There are a lot of people who questioned the meaning behind the blue box. The blue box is indeed Diane waking from her dream but it is much deeper than that. The blue box in turn can actually be considered a Pandora's box, Diane/Betty's mental Pandora's box also meaning her repressed memories flooding back. If you read about those who have dealt with repressed memories you will see that when the repressed memories come back, they come back in a nauseating and extremely quick fashion.

Those who have gone through it know that in that moment it is horrifying, confusing, exciting and ultimately in some ways insane. All they want to do is go back to how it was the moment before the memories re-surfaced or metaphorically meaning to go back inside there own Pandora's box unopened and safe. This explains Diane's hysteria and morbid hallucinations that ultimately led her to run into her bedroom and kill herself. Her Pandora's box or repressed memories were a way for her to deal with the horrible crime she had committed and once her Pandora's box opened and reality was now staring her in the face it was in the end too much for to handle.


I think there is a lot of metaphysical stuff going on in this movie - something akin to the movie The Sixth Sense with Haley Joel Osment and Bruce Willis. In that regard, you could say that "Rita" actually died in the car crash and from that point in time, all that happens is imaginary - just as in the aforementioned "Willis" movie. Within this post-death world that we see after the accident, there are deeper levels of it as seen in the scenes with the Cowboy. Specifically, he is not an embodied or "human" person, rather, he is either an good angel or a bad one and this is further supported by the light bulb flickering on and off just prior to his showing up and again as he departs. Even the glimpse that we see of him at the pool party/engagement party, he is ethereal whereas everyone else in that scene is embodied. Anyway, this is my take on this enigmatic movie that I saw last night for the very first time.


The Blue Key, btw, has two definitions, one for the dream sequence and one for reality.

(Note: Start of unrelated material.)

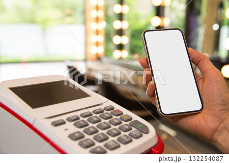 Hand swiping white credit card through payment terminal. Cashless technology and credit card payment concept.

For the dream sequence, the blue key is basically the key to the truth. Pretty simple. This may be obvious, but as soon as it's used on the box, we get the true story.

In reality, it's a standard blue key. The hitman's calling card, kind of. He uses it to communicate that the job/murder is done, because he doesn't want to be in further contact.

I wondered why the hitman laughed when Diane asks "what's it open?" But then I figured, as in the dream sequence, again, it opens the truth, in this case, the truth of what Diane has done.

The hitman knows when a "client" sees the key and they know the target is dead, that they will probably go through a TON of emotions. It doesn't have to be a key, the emotions will probably be experienced regardless of the item. But a key amuses the hitman. And maybe he likes to think that a "key" messes with the person's mind more, and maybe it does (fyi, the key doesn't physically open anything).

Also, as a sidenote, we don't know where the hitman left the key, probably NOT on the coffee table. Diane probably just put it there and has been thinking about it. For how long? Not completely sure but less than three weeks. The piano ashtray was still there when the neighbor comes by-"c'mon Diane it's been three weeks"- and mentions the "detectives came by again" and it was there when Camilla was alive when they were gettin' freaky on the couch.